(Records from a dataset)

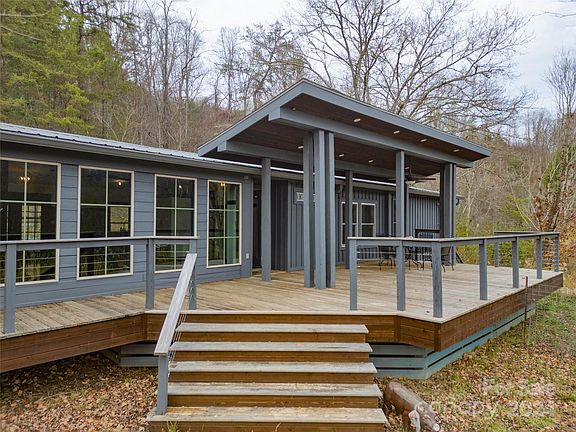 Located in the desirable East Fork community of Marshall, this impeccably renovated manufactured home sits on 15+ private, unrestricted acres. This south facing 3bd/3ba home has an open floorpan, with seamless flow from the kitchen w/ its stainless appliances & granite countertops, to the family room w/ a wall of new windows, year round mountain view, & gleaming hardwood floors. Charming renovations include porches, board & batten exterior & headboard interior. The stick-built addition allows for a second living quarters, w/ 1br/1ba, kitchenette, & separate exterior entrance. Immaculately maintained, this home boasts a new metal roof, new furnace, new well pump & spray foam insulation in roof & crawlspace within the past 6 years. The two car garage has been converted into a spacious workshop, complete w/ a ductless mini-split. Leave the land as is, or reclaim the pasture for livestock, tiny homes, or gardening. Easy 10 minutes to Marshall, Mars Hill and I-26 & 30 minutes to Asheville.
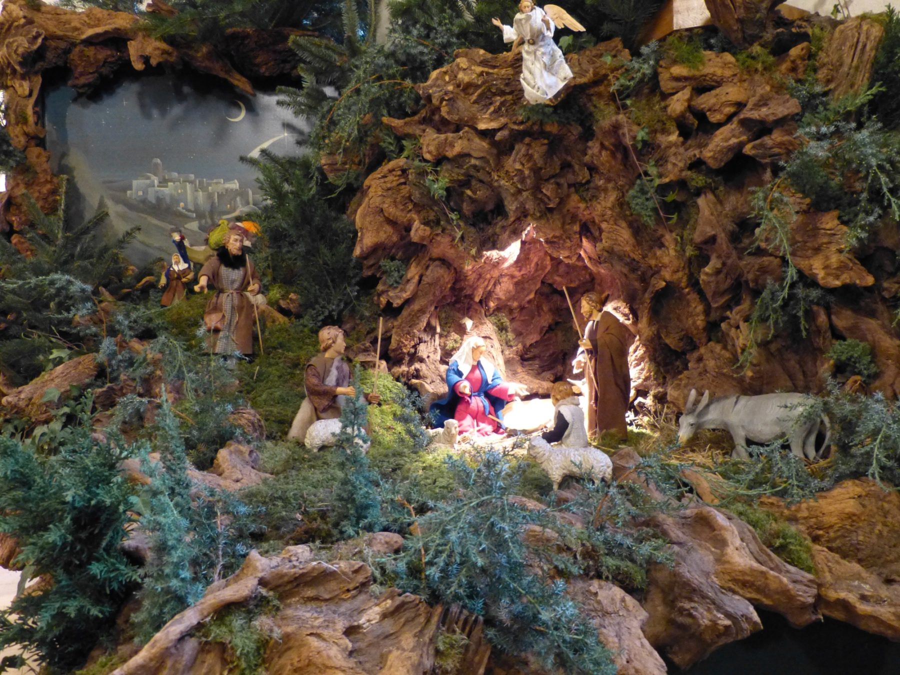 Schließlich ist der Feinschliff an der Reihe: Das Ganze wird mit Efeuranken sowie mit immergrünen Zweigspitzen geschmückt, die wie Bäumchen und Gebüsch in einer Wurzellandschaft wirken, über der ein ehrwürdiger Engel schwebt. Dann endlich können die vielen Krippenfiguren einziehen. Ein von dem inzwischen verstorbenen ortsansässigen Kunstmaler Berthold Roth gefertigtes Hintergrundgemälde vervollständigt das opulente Werk.
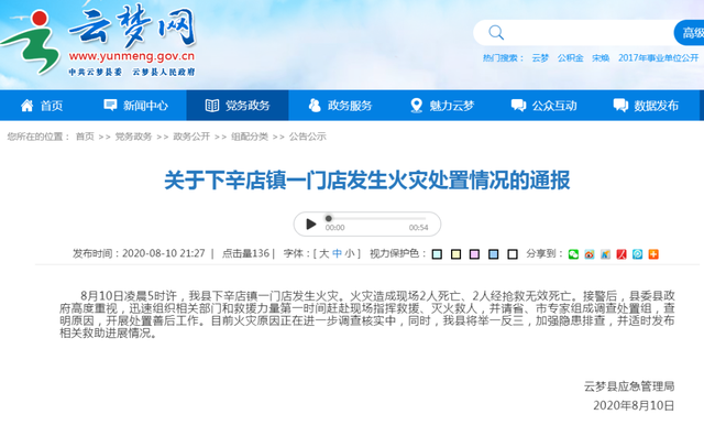 案例四:8月10日凌晨5時許,湖北云夢縣一門店發生火災。火災造成現場2人死亡、2人送醫經搶救無效死亡。
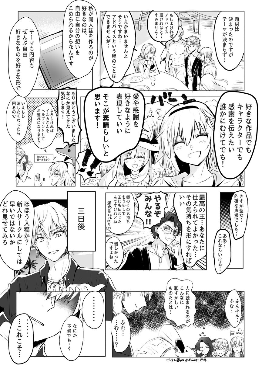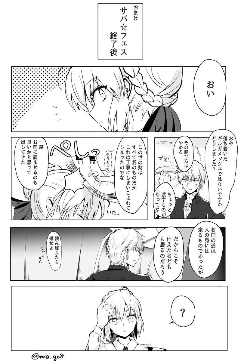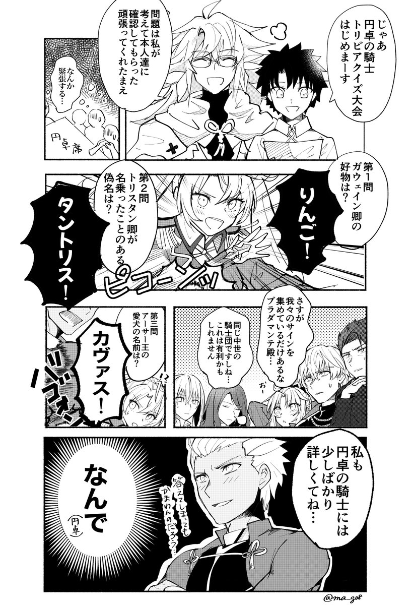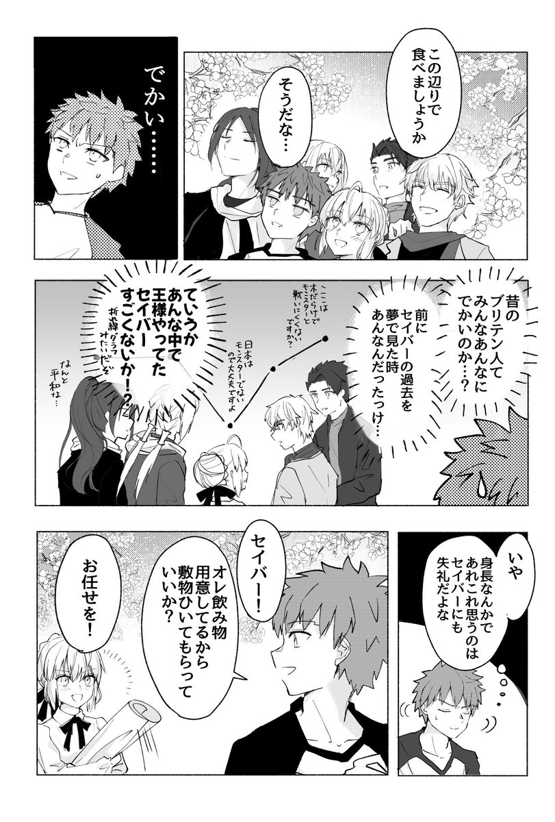 士郎がセイバーと円卓と一緒にお花見に行く漫画②(全4枚) ちょっとあまりにも間が空いてしまったので、2枚目だけ先にあげときます すみません!次は最後まで描き上がってからまとめて投稿します あとガウェインとランスロットは後半に出番多めなので今回ほぼいません twitter.com/ma_go8/status/…
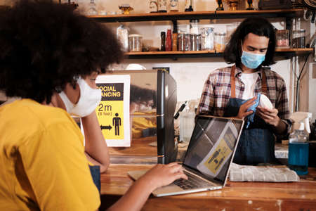 Two young cafe barista partners and entrepreneur work with face mask in coffee shop, waiting for customers order in new normal lifestyle service
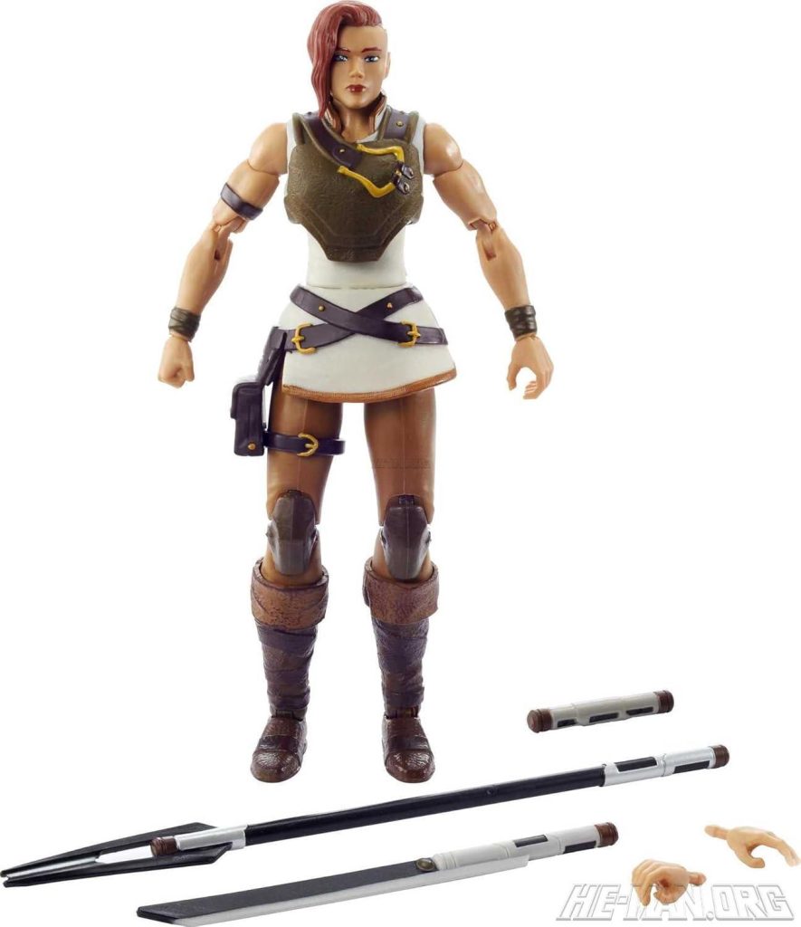 Revelation Teela was based on her appearance in the Netflix Masters of the Universe: Revelation cartoon. She came with removable armor, a combination spear/sword, and two sets of hands. This was based on her look after she resigned her post at Eternos Palace.
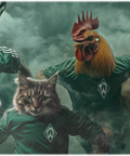 Fotorealistisches Werder Fan-Plakat im Großformat! Die coolsten Bremer Stadtmusikanten als Werder Bremen Stürmer im Fantasy-Style! Die ganze Leidenschaft und Power von Werder Bremen und seinen Fans wird in dieser actiongeladenen Szene spürbar. Das coolste Poster für echte Werderfans. Auch als Postkarte erhältlich!
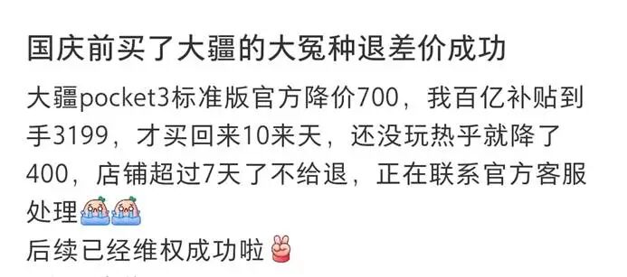 自大疆2025年10月初预告降价以来,社交媒体上涌现出大量“维权”声音,不少刚下单的消费者自嘲成了“大冤种”。
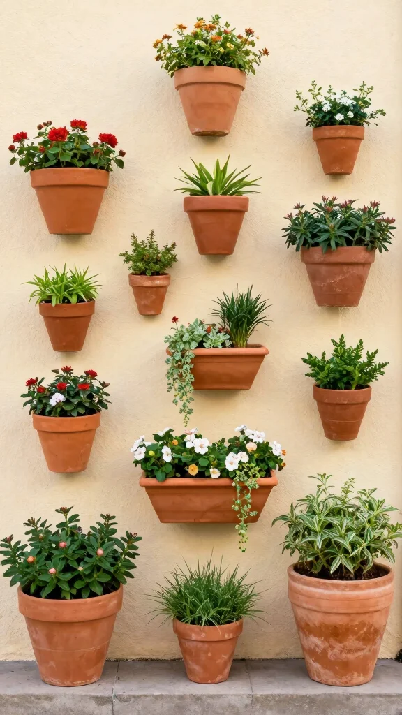 Terracotta planters brighten walls with earthy warmth and color. Arrange pots in a tiered or scatter layout for playful rhythm. Paint pots in soft pastels or add hand-painted motifs for extra charm. Mix sizes and shapes to avoid monotony.
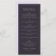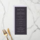 This elegant wedding menu design exudes sophistication with its sleek, monochromatic color palette and clean typography. The layout is meticulously organized, highlighting each course in a refined manner that complements the formal occasion. The mood is one of timeless elegance and understated luxury, perfect for a memorable celebration. Ideal for couples seeking an air of classic charm, this design allows for personalization while maintaining its polished aesthetic, ensuring it stands out on your special day.
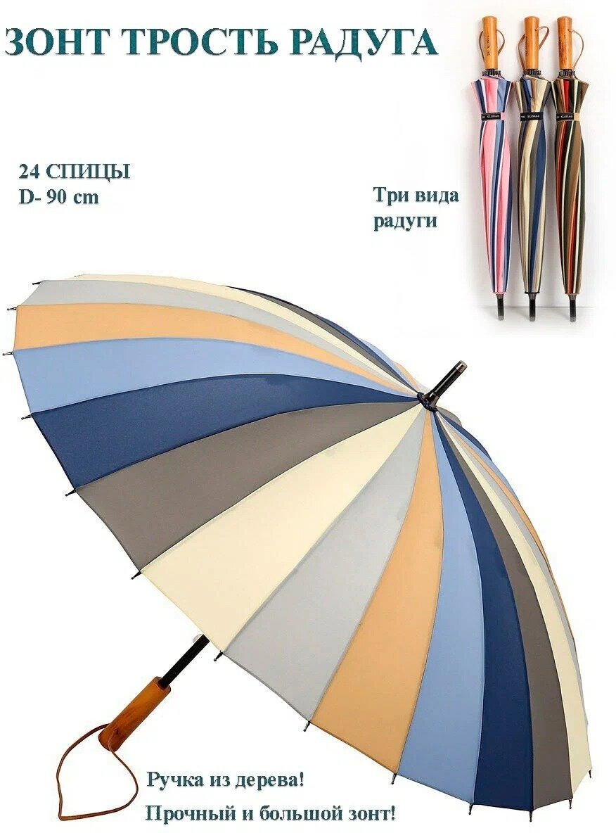 Зонт-трость Diniya, полуавтомат, купол 95 см., деревянная ручка, система «антиветер», чехол в комплекте, синий интересное:
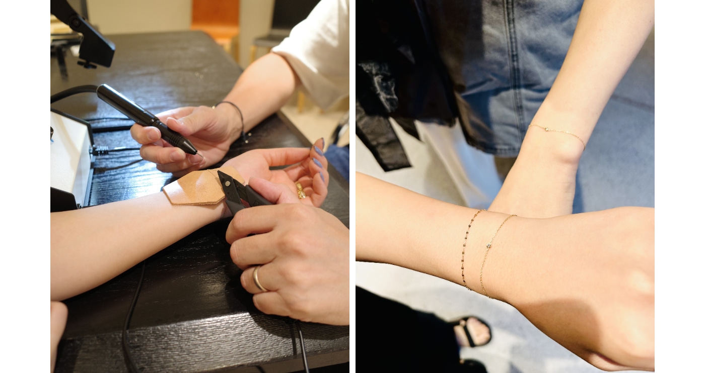手首のサイズに合わせて、その場で職人がチェーンカット&溶接する
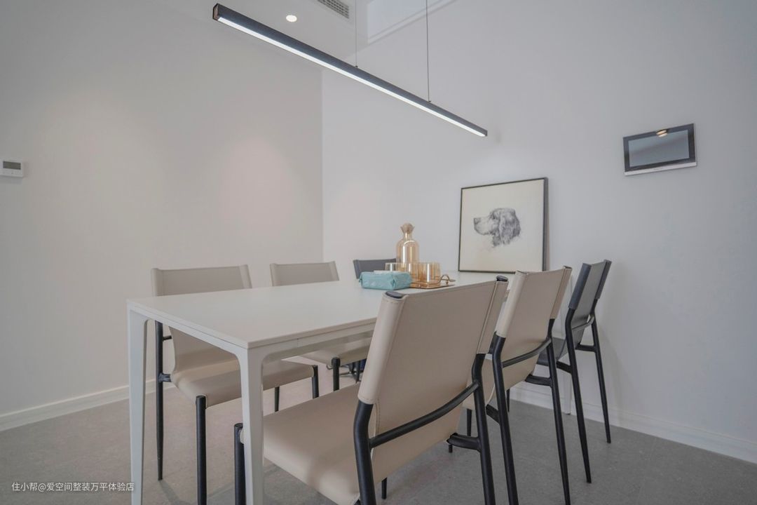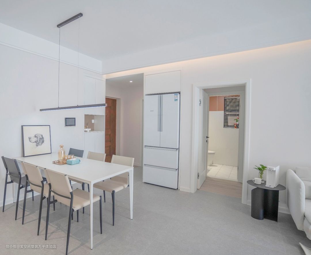 冰箱放在了客餐厅,内嵌进墙里,整体看上去也非常美观,放在这里也非常方便使用。六人坐餐桌非常实用,平常有朋友来聚餐也可以招待。
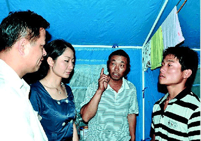 桑樂公司將滿滿的幾車救災(zāi)物資交到災(zāi)民安置點后,隨相關(guān)負(fù)責(zé)人一同進(jìn)入集中安置點進(jìn)行慰問。耿剛等人看到一座座藍(lán)色的災(zāi)民帳篷,災(zāi)民圍坐帳篷邊,心情十分沉重。當(dāng)他們走到
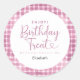 Birthday Treat Pink Gingham Script Classic Round Sticker
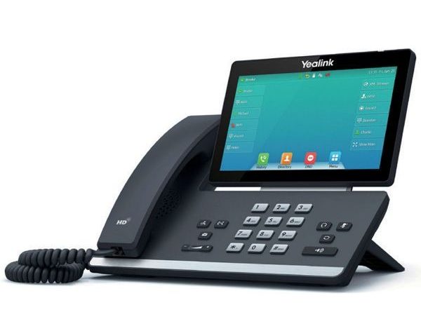 Téléphone IP haut de gamme avec écran tactile et caméra.
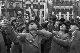 La photo source d’émotions s’éloigne et fait place à la photo source d’information. Chaque épreuve du Leica (l’outil de travail de HCB) résulte d’une stratégie qui nous reconduit au réel. Le cadrage, la composition et la lumière percent le mystère de l’évènement. Cela s’illustre en particulier dans la photographie des foules, ces rassemblements populaires qui sont en eux-mêmes les « Icônes du Pouvoir ». HCB se demande toujours sous quel angle les choses se donnent le mieux à voir. C’est sous l’angle de la foule que les régimes totalitaires et la société de consommation se révèlent le mieux. La disposition des individus rassemblés en une foule opaque, ce cadrage géométrique en lequel aucun pas de côté n’est possible ni même envisageable, est ce qui illustre au plus près leur essence.
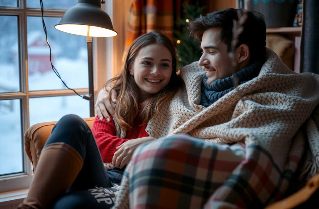 Los dos se habían instalado cómodamente en el sofá, compartiendo la manta y una taza de chocolate caliente. En la televisión, una comedia española ligera hacía de banda sonora. Lucía disfrutaba del humor sencillo, dejándose llevar y sonriendo discretamente. Javier se relajaba, con la cabeza reposando en el respaldo, pero sus ojos volvían una y otra vez a las danzas de los copos tras el cristal, embelesado por el espectáculo invernal.
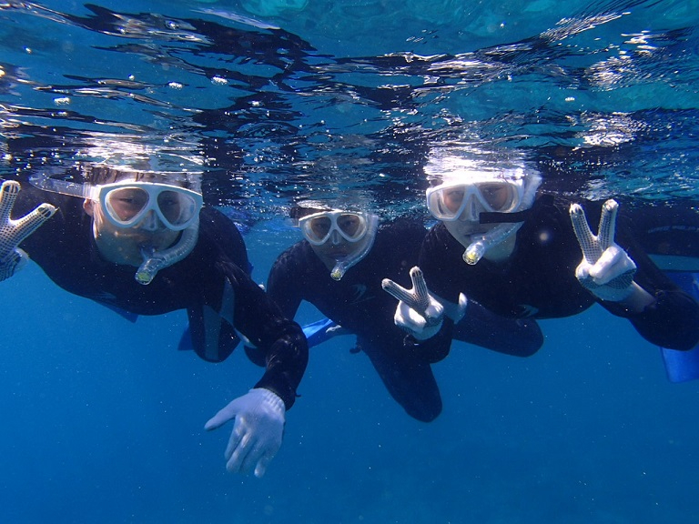 スノーケリングはダイビングに比べて気軽に参加できてグループに最適。みんなでワイワイ海遊びしましょう♪

#### [What the task requires]
Return exactly the lines above, from the one with "案例四:8月10日凌晨5時許" up to and including the one with "Téléphone IP haut", and include no pictures.

#### [Expected answer]
 案例四:8月10日凌晨5時許,湖北云夢縣一門店發生火災。火災造成現場2人死亡、2人送醫經搶救無效死亡。
 士郎がセイバーと円卓と一緒にお花見に行く漫画②(全4枚) ちょっとあまりにも間が空いてしまったので、2枚目だけ先にあげときます すみません!次は最後まで描き上がってからまとめて投稿します あとガウェインとランスロットは後半に出番多めなので今回ほぼいません twitter.com/ma_go8/status/…
 Two young cafe barista partners and entrepreneur work with face mask in coffee shop, waiting for customers order in new normal lifestyle service
 Revelation Teela was based on her appearance in the Netflix Masters of the Universe: Revelation cartoon. She came with removable armor, a combination spear/sword, and two sets of hands. This was based on her look after she resigned her post at Eternos Palace.
 Fotorealistisches Werder Fan-Plakat im Großformat! Die coolsten Bremer Stadtmusikanten als Werder Bremen Stürmer im Fantasy-Style! Die ganze Leidenschaft und Power von Werder Bremen und seinen Fans wird in dieser actiongeladenen Szene spürbar. Das coolste Poster für echte Werderfans. Auch als Postkarte erhältlich!
 自大疆2025年10月初预告降价以来,社交媒体上涌现出大量“维权”声音,不少刚下单的消费者自嘲成了“大冤种”。
 Terracotta planters brighten walls with earthy warmth and color. Arrange pots in a tiered or scatter layout for playful rhythm. Paint pots in soft pastels or add hand-painted motifs for extra charm. Mix sizes and shapes to avoid monotony.
 This elegant wedding menu design exudes sophistication with its sleek, monochromatic color palette and clean typography. The layout is meticulously organized, highlighting each course in a refined manner that complements the formal occasion. The mood is one of timeless elegance and understated luxury, perfect for a memorable celebration. Ideal for couples seeking an air of classic charm, this design allows for personalization while maintaining its polished aesthetic, ensuring it stands out on your special day.
 Зонт-трость Diniya, полуавтомат, купол 95 см., деревянная ручка, система «антиветер», чехол в комплекте, синий интересное:
手首のサイズに合わせて、その場で職人がチェーンカット&溶接する
 冰箱放在了客餐厅,内嵌进墙里,整体看上去也非常美观,放在这里也非常方便使用。六人坐餐桌非常实用,平常有朋友来聚餐也可以招待。
 桑樂公司將滿滿的幾車救災(zāi)物資交到災(zāi)民安置點后,隨相關(guān)負(fù)責(zé)人一同進(jìn)入集中安置點進(jìn)行慰問。耿剛等人看到一座座藍(lán)色的災(zāi)民帳篷,災(zāi)民圍坐帳篷邊,心情十分沉重。當(dāng)他們走到
 Birthday Treat Pink Gingham Script Classic Round Sticker
 Téléphone IP haut de gamme avec écran tactile et caméra.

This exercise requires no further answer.